[DATA FOR PROCESSING — start]

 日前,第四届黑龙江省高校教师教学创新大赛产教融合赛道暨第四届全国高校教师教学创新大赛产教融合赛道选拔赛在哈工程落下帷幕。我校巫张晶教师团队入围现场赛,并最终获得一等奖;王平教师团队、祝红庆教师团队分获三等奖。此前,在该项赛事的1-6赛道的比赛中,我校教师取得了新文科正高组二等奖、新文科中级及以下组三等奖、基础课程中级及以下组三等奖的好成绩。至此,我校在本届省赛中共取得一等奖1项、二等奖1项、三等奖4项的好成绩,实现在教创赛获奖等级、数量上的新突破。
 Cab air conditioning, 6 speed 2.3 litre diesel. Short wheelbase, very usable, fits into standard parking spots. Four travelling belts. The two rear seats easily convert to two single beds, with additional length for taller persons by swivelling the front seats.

[DATA FOR PROCESSING — finish]
[DATA FOR PROCESSING — start]

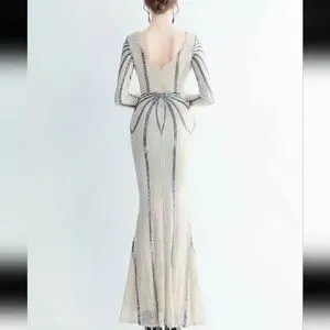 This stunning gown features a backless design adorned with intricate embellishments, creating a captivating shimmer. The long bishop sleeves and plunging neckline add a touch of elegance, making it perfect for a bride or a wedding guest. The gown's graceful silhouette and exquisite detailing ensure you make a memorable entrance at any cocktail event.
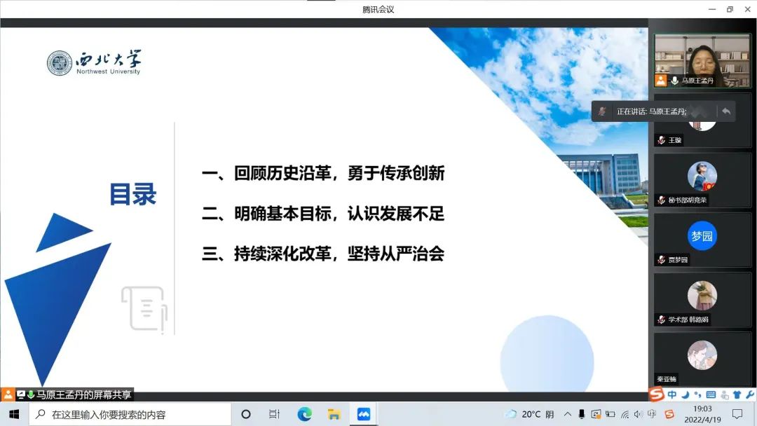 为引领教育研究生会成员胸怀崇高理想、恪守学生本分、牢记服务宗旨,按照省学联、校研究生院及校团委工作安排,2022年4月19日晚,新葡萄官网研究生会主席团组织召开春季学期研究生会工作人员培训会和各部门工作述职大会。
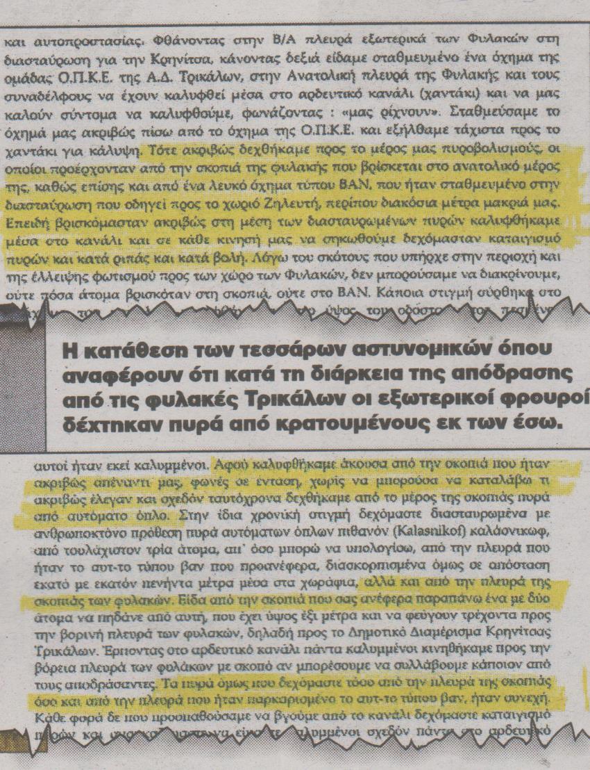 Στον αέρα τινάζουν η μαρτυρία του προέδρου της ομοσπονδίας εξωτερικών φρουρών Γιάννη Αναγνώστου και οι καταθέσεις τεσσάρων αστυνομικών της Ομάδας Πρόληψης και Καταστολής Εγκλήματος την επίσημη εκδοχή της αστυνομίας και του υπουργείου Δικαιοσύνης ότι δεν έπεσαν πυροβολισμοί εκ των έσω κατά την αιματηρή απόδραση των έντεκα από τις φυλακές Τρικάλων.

[DATA FOR PROCESSING — finish]

■ INSTRUCTIONS FOR THE TASK ■
Above are some records; copy exactly the lines from the one with "日前,第四届黑龙江省高校教师" through the one with "Cab air conditioning, 6", both included, and no others.

■ TASK SOLUTION ■
 日前,第四届黑龙江省高校教师教学创新大赛产教融合赛道暨第四届全国高校教师教学创新大赛产教融合赛道选拔赛在哈工程落下帷幕。我校巫张晶教师团队入围现场赛,并最终获得一等奖;王平教师团队、祝红庆教师团队分获三等奖。此前,在该项赛事的1-6赛道的比赛中,我校教师取得了新文科正高组二等奖、新文科中级及以下组三等奖、基础课程中级及以下组三等奖的好成绩。至此,我校在本届省赛中共取得一等奖1项、二等奖1项、三等奖4项的好成绩,实现在教创赛获奖等级、数量上的新突破。
 Cab air conditioning, 6 speed 2.3 litre diesel. Short wheelbase, very usable, fits into standard parking spots. Four travelling belts. The two rear seats easily convert to two single beds, with additional length for taller persons by swivelling the front seats.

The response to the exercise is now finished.